> [WORK TO BE COMPLETED] This task calls for the lines below starting at the one containing "French Connection Lux" and ending at the one containing "由于今年新生多,幾乎是在校生", repeated exactly with both ends kept and pictures left out.

> [DATA SUPPLIED]
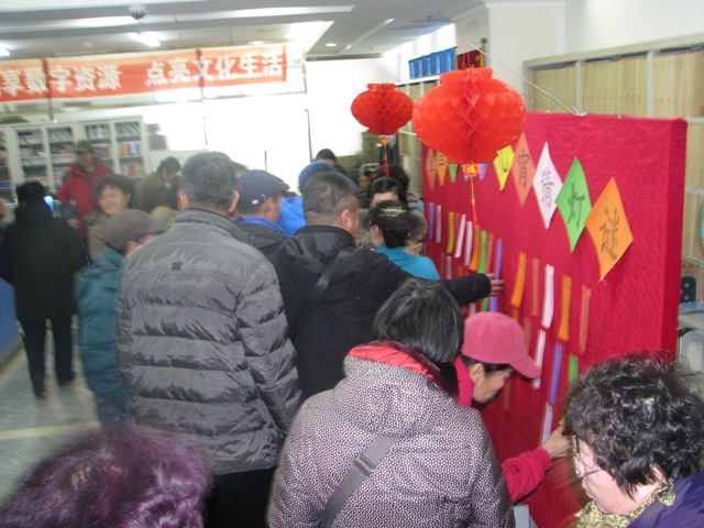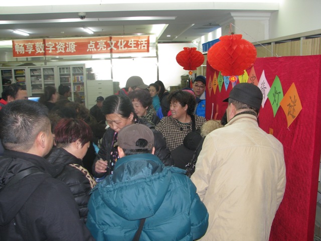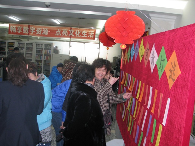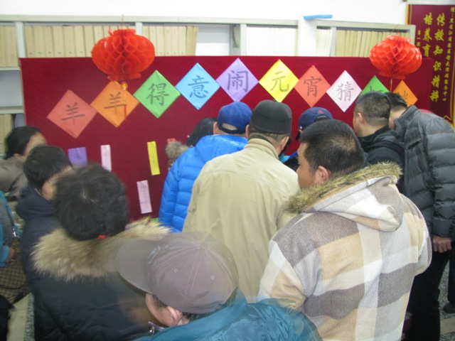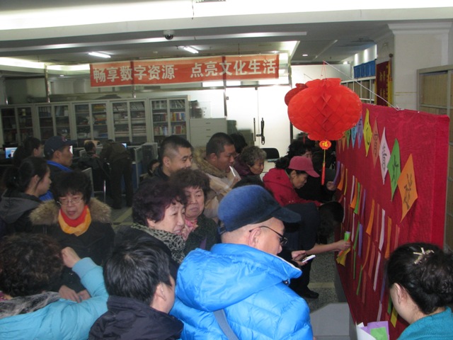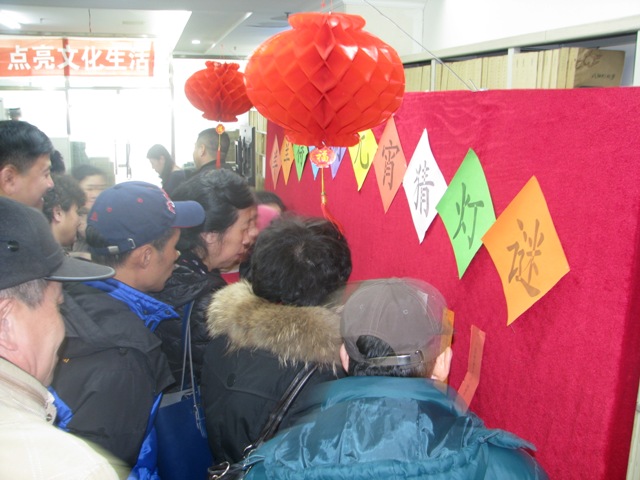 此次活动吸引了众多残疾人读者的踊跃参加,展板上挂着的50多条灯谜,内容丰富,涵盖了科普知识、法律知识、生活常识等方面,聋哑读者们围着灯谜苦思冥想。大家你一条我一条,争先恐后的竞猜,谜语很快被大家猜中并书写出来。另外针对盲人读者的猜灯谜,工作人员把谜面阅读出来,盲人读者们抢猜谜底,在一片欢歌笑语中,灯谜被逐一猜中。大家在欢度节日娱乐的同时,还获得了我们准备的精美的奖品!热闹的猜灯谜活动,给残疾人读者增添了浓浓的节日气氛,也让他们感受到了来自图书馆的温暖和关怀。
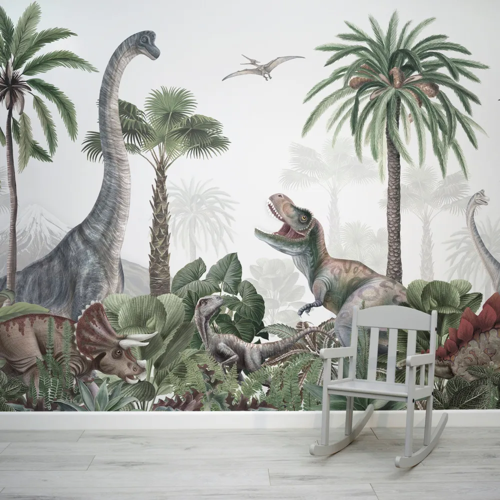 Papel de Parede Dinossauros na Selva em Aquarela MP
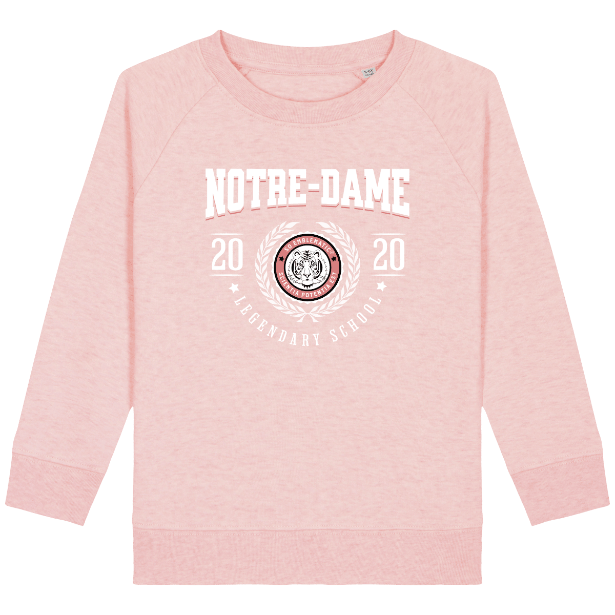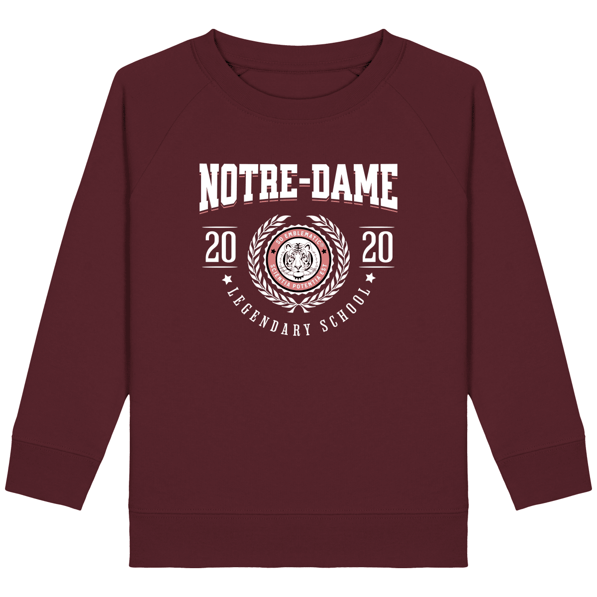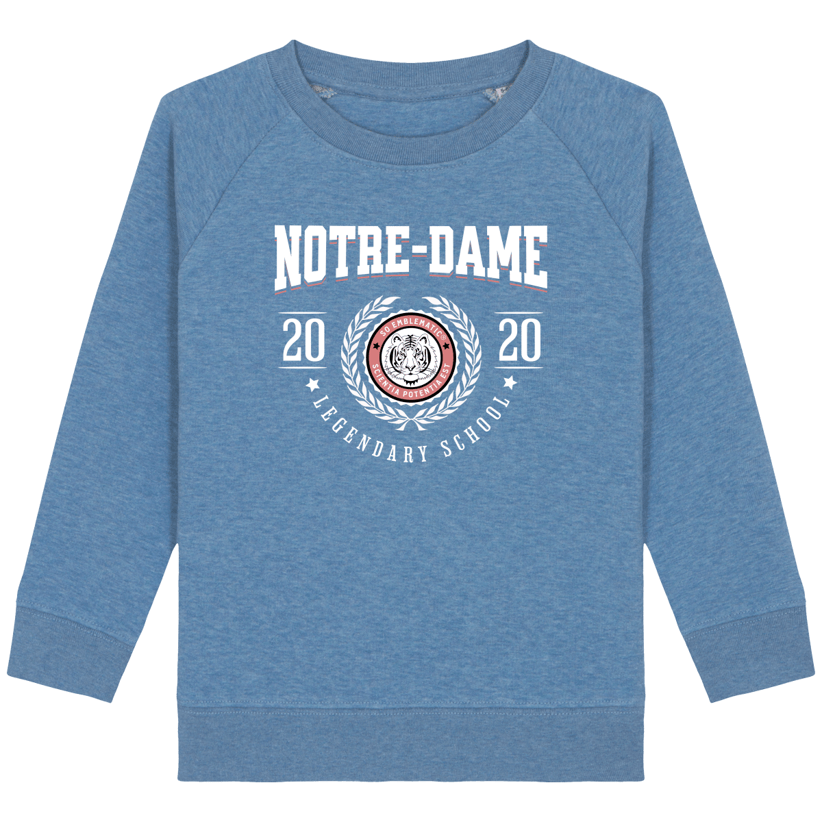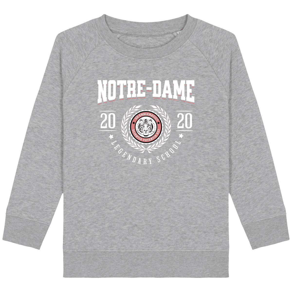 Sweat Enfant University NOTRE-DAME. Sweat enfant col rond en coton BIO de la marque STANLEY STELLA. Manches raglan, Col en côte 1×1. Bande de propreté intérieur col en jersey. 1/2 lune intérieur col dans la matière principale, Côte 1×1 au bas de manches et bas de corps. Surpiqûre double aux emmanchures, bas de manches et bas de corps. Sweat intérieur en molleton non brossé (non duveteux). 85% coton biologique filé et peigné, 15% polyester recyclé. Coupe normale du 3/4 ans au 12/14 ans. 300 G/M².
---
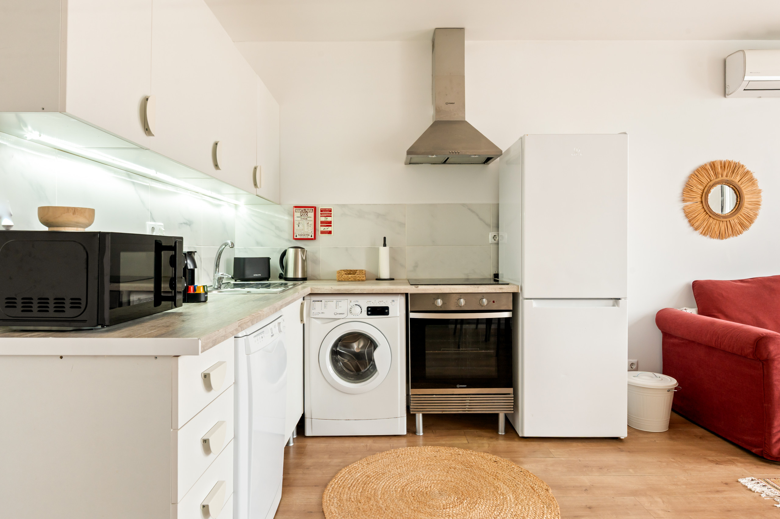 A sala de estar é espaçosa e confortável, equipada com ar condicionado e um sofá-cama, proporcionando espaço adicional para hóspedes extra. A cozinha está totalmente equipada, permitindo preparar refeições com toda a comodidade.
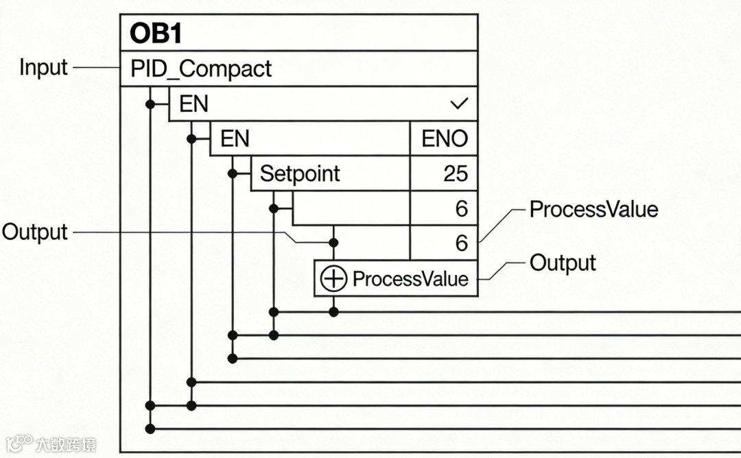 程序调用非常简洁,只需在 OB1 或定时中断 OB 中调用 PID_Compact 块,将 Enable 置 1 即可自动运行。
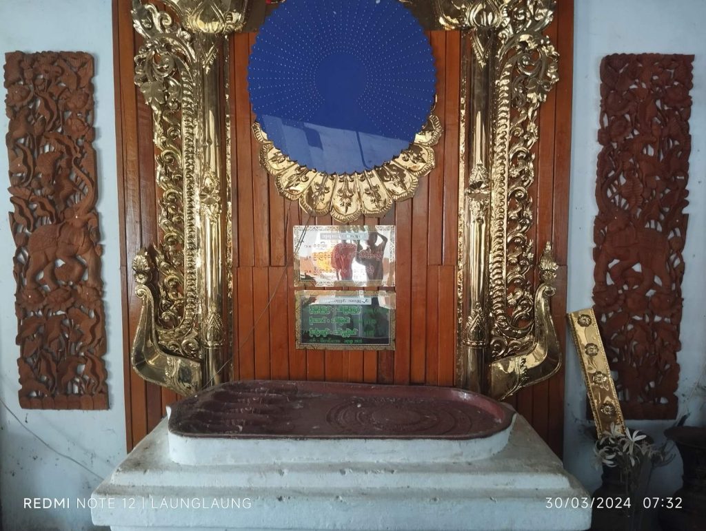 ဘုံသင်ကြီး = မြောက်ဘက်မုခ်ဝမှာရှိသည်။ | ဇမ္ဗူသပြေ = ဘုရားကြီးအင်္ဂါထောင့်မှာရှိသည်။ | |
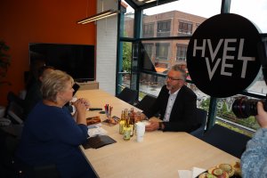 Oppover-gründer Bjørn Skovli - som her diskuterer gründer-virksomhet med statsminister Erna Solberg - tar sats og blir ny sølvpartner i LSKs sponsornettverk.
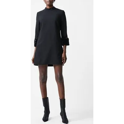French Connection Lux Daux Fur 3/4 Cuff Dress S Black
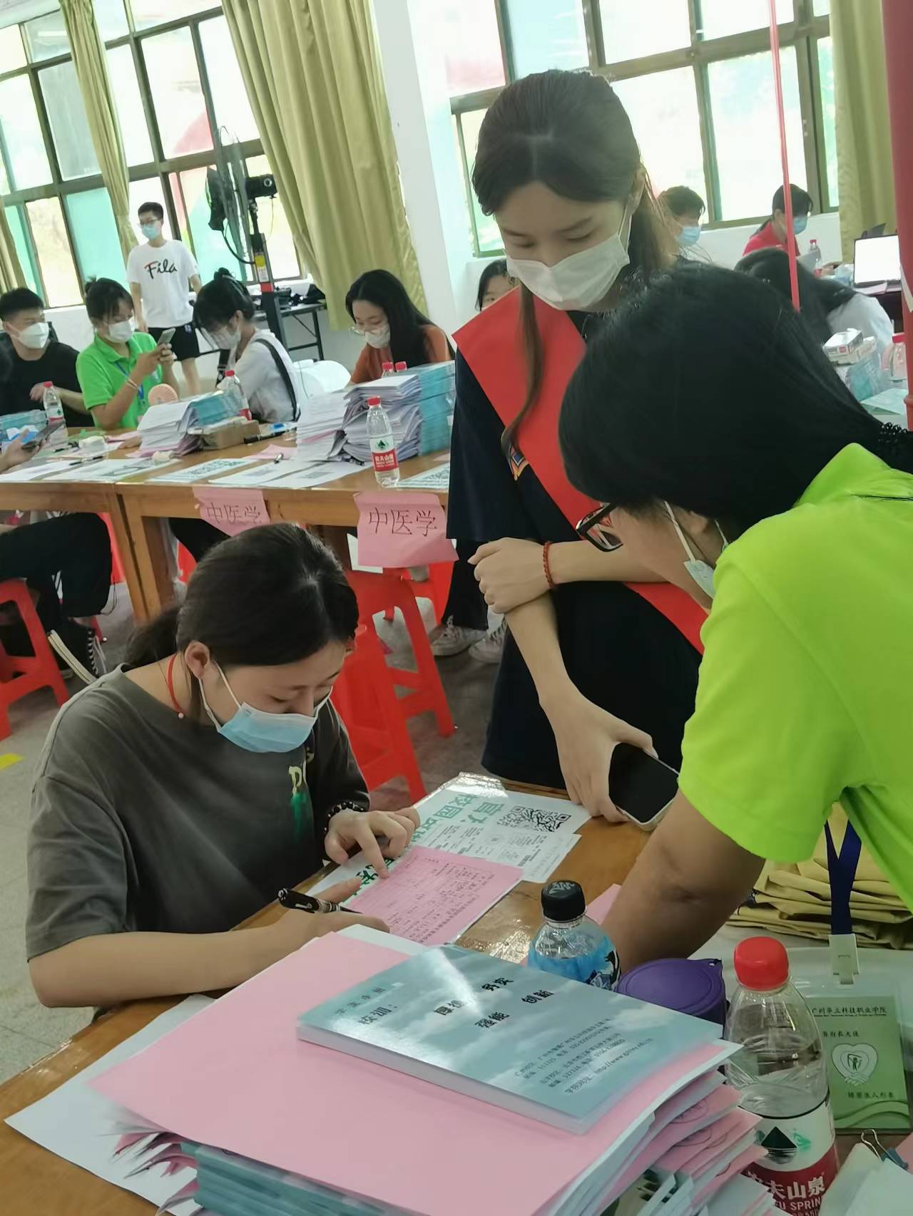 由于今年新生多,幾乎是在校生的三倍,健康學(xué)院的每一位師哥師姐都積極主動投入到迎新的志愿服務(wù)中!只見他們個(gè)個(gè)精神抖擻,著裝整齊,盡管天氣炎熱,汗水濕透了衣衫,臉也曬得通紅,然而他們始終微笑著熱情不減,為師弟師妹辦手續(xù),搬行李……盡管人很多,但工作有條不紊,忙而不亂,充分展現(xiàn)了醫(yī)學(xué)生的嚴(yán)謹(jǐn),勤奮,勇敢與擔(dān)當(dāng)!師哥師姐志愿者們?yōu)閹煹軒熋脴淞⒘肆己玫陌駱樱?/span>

> [EXERCISE ANSWER]
French Connection Lux Daux Fur 3/4 Cuff Dress S Black
 由于今年新生多,幾乎是在校生的三倍,健康學(xué)院的每一位師哥師姐都積極主動投入到迎新的志愿服務(wù)中!只見他們個(gè)個(gè)精神抖擻,著裝整齊,盡管天氣炎熱,汗水濕透了衣衫,臉也曬得通紅,然而他們始終微笑著熱情不減,為師弟師妹辦手續(xù),搬行李……盡管人很多,但工作有條不紊,忙而不亂,充分展現(xiàn)了醫(yī)學(xué)生的嚴(yán)謹(jǐn),勤奮,勇敢與擔(dān)當(dāng)!師哥師姐志愿者們?yōu)閹煹軒熋脴淞⒘肆己玫陌駱樱?/span>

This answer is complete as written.